Records for processing START
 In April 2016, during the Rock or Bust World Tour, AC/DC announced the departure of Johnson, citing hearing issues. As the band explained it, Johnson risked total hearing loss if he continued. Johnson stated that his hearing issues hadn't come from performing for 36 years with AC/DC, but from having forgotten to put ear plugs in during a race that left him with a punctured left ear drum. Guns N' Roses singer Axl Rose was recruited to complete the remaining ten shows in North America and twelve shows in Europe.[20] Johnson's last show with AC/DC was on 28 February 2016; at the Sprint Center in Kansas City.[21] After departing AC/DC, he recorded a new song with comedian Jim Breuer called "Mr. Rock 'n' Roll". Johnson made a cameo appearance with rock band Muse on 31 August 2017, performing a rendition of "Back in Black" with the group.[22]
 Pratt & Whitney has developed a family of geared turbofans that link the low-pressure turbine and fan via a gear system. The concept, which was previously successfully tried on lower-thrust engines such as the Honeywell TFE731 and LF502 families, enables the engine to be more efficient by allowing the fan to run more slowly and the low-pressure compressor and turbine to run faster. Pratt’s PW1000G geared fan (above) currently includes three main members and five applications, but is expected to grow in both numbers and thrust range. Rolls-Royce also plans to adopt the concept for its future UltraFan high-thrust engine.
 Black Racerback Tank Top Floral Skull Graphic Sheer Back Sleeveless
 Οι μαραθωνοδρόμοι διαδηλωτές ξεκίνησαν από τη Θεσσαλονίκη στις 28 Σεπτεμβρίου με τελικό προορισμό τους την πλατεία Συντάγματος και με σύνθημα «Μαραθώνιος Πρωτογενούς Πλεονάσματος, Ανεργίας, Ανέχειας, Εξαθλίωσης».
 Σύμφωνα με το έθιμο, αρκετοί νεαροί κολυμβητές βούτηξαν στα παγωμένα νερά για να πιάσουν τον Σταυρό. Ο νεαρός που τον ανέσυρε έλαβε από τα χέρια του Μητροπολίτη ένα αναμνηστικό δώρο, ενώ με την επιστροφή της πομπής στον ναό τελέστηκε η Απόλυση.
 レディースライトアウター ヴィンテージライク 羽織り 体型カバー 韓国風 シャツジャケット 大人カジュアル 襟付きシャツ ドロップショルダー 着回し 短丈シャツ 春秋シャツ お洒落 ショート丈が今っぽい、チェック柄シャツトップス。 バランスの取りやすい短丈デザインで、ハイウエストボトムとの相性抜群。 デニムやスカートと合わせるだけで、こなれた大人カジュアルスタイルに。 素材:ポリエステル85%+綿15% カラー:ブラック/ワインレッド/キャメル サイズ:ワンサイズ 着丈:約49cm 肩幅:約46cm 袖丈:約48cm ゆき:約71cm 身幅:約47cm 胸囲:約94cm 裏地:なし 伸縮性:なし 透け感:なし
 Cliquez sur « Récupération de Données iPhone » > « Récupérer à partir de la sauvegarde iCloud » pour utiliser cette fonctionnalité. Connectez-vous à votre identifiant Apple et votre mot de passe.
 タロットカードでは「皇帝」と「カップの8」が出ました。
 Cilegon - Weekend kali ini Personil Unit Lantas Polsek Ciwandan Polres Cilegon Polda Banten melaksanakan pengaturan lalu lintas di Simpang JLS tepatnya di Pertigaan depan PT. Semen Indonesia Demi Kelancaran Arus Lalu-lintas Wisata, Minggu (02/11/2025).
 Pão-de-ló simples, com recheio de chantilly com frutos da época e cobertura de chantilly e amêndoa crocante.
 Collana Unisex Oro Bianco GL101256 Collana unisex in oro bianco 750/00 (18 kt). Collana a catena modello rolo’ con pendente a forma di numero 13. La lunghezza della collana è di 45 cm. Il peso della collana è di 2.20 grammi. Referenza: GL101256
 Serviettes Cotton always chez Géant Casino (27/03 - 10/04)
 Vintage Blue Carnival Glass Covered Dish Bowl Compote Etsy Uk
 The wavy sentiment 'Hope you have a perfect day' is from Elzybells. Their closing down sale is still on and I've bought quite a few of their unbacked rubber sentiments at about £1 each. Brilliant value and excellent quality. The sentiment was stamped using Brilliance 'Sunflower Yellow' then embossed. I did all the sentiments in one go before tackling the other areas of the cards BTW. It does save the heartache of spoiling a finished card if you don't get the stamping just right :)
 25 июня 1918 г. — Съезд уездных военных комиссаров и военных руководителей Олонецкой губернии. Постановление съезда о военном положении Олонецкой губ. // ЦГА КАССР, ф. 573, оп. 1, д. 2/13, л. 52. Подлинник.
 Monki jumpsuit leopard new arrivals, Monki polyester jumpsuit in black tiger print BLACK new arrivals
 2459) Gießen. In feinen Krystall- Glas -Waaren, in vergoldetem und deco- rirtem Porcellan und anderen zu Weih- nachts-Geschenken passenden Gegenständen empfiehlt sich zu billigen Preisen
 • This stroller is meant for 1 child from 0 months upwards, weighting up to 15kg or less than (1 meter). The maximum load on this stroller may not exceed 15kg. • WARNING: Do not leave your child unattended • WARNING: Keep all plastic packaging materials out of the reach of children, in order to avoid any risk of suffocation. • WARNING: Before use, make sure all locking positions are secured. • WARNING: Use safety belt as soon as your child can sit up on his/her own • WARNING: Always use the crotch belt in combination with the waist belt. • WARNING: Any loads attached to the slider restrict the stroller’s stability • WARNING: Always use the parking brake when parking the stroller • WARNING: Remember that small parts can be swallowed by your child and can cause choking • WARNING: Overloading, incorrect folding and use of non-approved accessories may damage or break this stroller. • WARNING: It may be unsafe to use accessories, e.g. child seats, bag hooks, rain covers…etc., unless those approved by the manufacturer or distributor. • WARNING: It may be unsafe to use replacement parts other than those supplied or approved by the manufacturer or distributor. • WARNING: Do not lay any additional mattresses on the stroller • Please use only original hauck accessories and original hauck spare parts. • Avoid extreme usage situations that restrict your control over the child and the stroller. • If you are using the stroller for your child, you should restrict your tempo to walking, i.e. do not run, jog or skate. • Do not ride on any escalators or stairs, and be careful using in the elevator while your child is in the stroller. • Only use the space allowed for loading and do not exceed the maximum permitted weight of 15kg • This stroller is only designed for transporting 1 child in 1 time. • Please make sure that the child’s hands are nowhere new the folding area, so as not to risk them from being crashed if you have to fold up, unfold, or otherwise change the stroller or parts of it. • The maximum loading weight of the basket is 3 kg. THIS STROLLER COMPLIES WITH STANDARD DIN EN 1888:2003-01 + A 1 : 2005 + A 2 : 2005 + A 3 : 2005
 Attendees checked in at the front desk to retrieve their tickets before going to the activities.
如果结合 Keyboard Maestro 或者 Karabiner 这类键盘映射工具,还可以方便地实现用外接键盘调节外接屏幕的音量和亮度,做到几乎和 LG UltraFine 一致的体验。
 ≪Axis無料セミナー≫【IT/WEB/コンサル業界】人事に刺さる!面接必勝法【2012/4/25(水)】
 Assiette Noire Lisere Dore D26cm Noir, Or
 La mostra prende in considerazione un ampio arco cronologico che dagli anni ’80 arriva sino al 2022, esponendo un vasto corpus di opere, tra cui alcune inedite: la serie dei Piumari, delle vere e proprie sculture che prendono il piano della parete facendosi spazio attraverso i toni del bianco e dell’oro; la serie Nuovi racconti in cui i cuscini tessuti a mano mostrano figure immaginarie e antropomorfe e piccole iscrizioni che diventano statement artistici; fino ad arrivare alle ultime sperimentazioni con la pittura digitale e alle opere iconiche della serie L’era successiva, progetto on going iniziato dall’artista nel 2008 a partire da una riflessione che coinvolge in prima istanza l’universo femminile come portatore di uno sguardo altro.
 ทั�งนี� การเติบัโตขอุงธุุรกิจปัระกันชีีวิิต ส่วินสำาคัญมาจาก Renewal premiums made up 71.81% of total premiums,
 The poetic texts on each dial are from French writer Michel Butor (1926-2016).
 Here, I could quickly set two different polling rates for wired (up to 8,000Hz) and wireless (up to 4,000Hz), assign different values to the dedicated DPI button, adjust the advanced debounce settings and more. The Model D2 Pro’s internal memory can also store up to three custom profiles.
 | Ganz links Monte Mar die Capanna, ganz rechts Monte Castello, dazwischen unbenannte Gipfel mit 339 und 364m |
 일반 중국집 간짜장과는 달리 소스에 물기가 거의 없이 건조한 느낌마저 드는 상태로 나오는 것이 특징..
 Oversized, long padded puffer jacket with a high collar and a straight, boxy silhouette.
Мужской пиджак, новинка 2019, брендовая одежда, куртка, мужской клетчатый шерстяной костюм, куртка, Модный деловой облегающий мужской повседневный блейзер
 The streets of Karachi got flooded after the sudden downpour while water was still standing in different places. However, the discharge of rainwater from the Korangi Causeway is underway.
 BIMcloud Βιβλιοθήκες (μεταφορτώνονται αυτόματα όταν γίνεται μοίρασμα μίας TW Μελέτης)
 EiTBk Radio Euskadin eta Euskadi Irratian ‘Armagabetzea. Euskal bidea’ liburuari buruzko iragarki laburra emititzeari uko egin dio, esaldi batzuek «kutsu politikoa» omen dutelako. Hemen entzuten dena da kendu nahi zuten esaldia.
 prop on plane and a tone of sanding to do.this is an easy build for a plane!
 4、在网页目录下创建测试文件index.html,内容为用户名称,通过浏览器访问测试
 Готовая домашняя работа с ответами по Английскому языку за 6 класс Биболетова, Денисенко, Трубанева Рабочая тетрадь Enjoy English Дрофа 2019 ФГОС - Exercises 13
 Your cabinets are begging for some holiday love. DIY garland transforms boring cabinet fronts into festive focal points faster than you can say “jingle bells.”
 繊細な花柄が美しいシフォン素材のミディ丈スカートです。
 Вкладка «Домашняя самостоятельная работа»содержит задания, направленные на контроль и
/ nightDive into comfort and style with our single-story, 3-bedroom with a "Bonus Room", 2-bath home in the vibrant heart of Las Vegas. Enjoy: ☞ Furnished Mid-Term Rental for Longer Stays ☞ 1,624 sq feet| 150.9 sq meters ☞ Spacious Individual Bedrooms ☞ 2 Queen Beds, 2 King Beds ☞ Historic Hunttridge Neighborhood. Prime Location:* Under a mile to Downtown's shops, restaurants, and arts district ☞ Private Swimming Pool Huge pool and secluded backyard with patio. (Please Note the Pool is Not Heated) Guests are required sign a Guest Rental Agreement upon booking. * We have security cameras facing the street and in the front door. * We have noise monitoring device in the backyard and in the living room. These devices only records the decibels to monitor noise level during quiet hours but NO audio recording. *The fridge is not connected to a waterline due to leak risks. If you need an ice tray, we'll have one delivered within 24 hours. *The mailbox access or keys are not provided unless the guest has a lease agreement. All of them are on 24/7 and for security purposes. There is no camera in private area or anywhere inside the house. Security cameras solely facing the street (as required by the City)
Records for processing END
■ **Task goal**: Reproduce word for word the material above, beginning with the line that contains "Black Racerback Tank" and ending with the line that contains "Σύμφωνα με το".

■ **Written answer**:
 Black Racerback Tank Top Floral Skull Graphic Sheer Back Sleeveless
 Οι μαραθωνοδρόμοι διαδηλωτές ξεκίνησαν από τη Θεσσαλονίκη στις 28 Σεπτεμβρίου με τελικό προορισμό τους την πλατεία Συντάγματος και με σύνθημα «Μαραθώνιος Πρωτογενούς Πλεονάσματος, Ανεργίας, Ανέχειας, Εξαθλίωσης».
 Σύμφωνα με το έθιμο, αρκετοί νεαροί κολυμβητές βούτηξαν στα παγωμένα νερά για να πιάσουν τον Σταυρό. Ο νεαρός που τον ανέσυρε έλαβε από τα χέρια του Μητροπολίτη ένα αναμνηστικό δώρο, ενώ με την επιστροφή της πομπής στον ναό τελέστηκε η Απόλυση.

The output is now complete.